A customer falsely claims they do not recognize a transaction on their bank statement, due to their inability to recall the purchase correctly. For example, a customer purchases a supplement from an online store. After receiving the supplement, the customer claims the charge on their statement is unrecognized and is therefore unauthorized.

5. Family Fraud

A customer’s family member makes a purchase using the account holder’s payment information. Afterwards, the true account holder disputes the charge, claiming the transaction was unauthorized. For example, a customer uses a parent’s credit card to buy something. When the parent discovers the transaction, they claim to have never made the purchase.

6. Identity Misuse

A customer intentionally misrepresents their identity, or provides false information, to get a product or service. For instance, a customer who’s been flagged for prior incidents of return fraud creates a new account using false information, enabling them to continue making their fraudulent returns.

7. Money Mule Fraud

Involves intermediaries receiving or transporting stolen and fraudulently obtained funds. For example, a mule may issue a fraudulent check. Then withdraw funds from the respective bank account.

8. Account Bust-Outs

A customer uses an authentic identity to build trust, then defaults across multiple accounts. As an example, a customer builds up 2 credit cards, eventually unlocking high credit limits. After keeping the balance low, the customer suddenly spends up to their limits and never pays the balance.

9. Viral Fraud

People on social media are now coordinating shared fraud tactics, then executing them simultaneously. For instance, a viral video circulates, showing viewers how to exploit a software company’s free trial offering. Across various online gatherings, users share their workarounds and how to fake account details. Costing the company thousands in lost revenue.

How Can I Protect my Business or Merchants from First Party Fraud Risks?

Elite Pay will work with you and merchants to determine effective fraud counter measures and discuss options with you. These protections are more or less viable depending on the merchant’s sales volume. Here is how to protect your merchant/business:

  • A robust CRM, with detailed tracking.
  • Strong refund policy.
  • Fraud tracking and detection.
  • Providing customer communication regarding purchases.
  • A clear and concise descriptor.
  • Consider requiring user accounts to make purchases.
  • Require signature delivery on large ticket items.
  • Shipping address must match billing address, alongside AVS verification. Meaning, the billing address must also be verified.
  • Use a 3rd party anti-fraud service.
  • Require chip, tap, or fallback on all terminal transactions.

How to Detect First Party Fraud

There are several methods to detect first party fraud:

  • Use a 3rd party anti-fraud service.
  • Leverage internal data points for pattern tracking.
  • Educate staff on potential patterns of first party fraud.

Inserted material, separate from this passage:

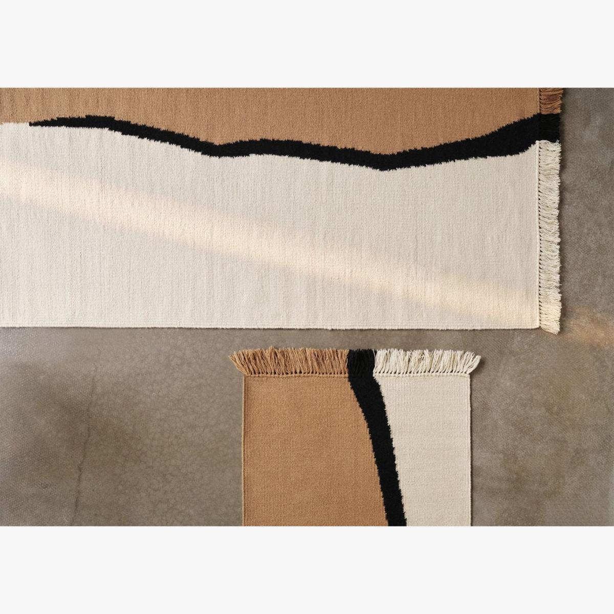 Drawing inspiration from the intricate formations found in geology, the Soil Kelim Runner presents a three-colour design in natural tones with offset and irregular stripes for visual appeal. Woven by hand and crafted from 100% wool, the runner features a blend of soft New Zealand wool that offers a luxurious feeling underfoot. Fringed edges enhance its soothing tactile qualities, making the Soil Kelim Runner a beautiful and comforting addition to any space.

Protecting Your Merchants Starts Now

First-party fraud is one of the fastest growing threats merchants face. Without the right policies and tools in place, your merchants are absorbing losses on disputes they can’t win. We help connect merchants with the necessary protections that fit their sales volume and risk profile.

Disclaimer

The information provided here is for informational purposes only and focuses solely on payment processing. We do not endorse explicit or illegal content and encourage compliance with applicable laws and regulations. Readers should seek professional advice and use legitimate payment solutions while operating in this sector. We disclaim liability for any consequences resulting from the use of this information.